COMMENTING on the news that Bank of Ireland’s €65million contribution to the overall fund being administered and lent out by SBCI has already been drawn down, ICMSA president John Comer said that the massive demand for these loans demonstrated vividly the extent of the funding crisis in farms across the state. 

He also spoke of what he called the ‘consistent underestimate’ of the financial challenges faced by dairy farmers in the wake of the milk price collapse in the 18 months up to last September. 

Mr Comer said that he was not convinced that our policymakers understood or appreciated the financial wreckage that resulted from such a prolonged period in which farmers were receiving a price substantially below the cost of production.

‘Two things will strike most observers: the speed with which this money has been loaned out signals the acute financial position in which many farms – often very well run – find themselves as they work though the ‘hangover’ from the 2015-2016 milk price collapse. The second question arises around the constant and long-term problem of funding being made available at competitive, realistic, interest rates.  

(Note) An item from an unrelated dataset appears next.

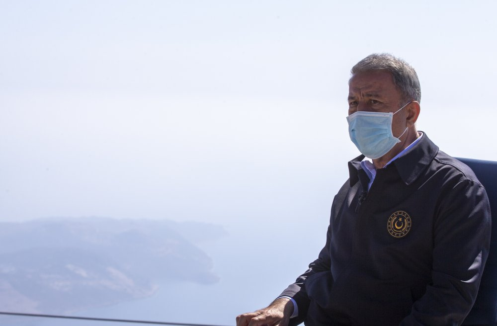Akar, Yunanistan’ın istediği 40 bin kilometrekarelik deniz yetki alanının Kaş açıklarından başladığını, deniz yetki alanının yaklaşık 10 kilometrekarelik Meis Adası’ndan dolayı Yunanistan’a verildiğini söyleyen Bakan Akar, “Bir tarafta 10 kilometrekarelik ada, diğer taraftan 780 bin kilometrekarelik bir kara, 83 milyonluk bir ülke. ‘Bu taksimi kurt yapmaz kuzulara şah olsa.’ diyorlar. Dolayısıyla bu manada herkesi aklıselime davet ediyoruz. Sadece Yunanistan’ı değil, üçüncü tarafların da bu manada dikkatli olması, objektif olması ve taassuptan uzak olması lazım. Meseleye aklıselimle bakmaları, ön yargısız bakmaları lazım. Hiçbir zaman oldubittiyi kabul etmeyeceğimizi, haklarımızı çiğnetmeyeceğimizi defaten söyledik, söylemeye devam ediyoruz. Bu konuda kararlıyız, kararlı olduğumuzu tekrar söylüyoruz.” ifadelerini kullandı.

‘Farmers are asking – certainly ICMSA is asking – why we have such hype and hoop-la around loans being made available at interest rates that are still above those being charged by mainland European banks on their farm loans? We’re expected to be so grateful for these concessions on interest rates that we forget that these kinds of rates should actually be the norm. 

Mr Comer maintains: ‘Farmers are so used to excess rates that we focus on this kind of concession instead of demanding of our Central Bank that we have funds available to borrow at the kinds of rates that are routinely charged by comparable mainland EU banks who borrow their money from the same sources as our banks and at the same rates.’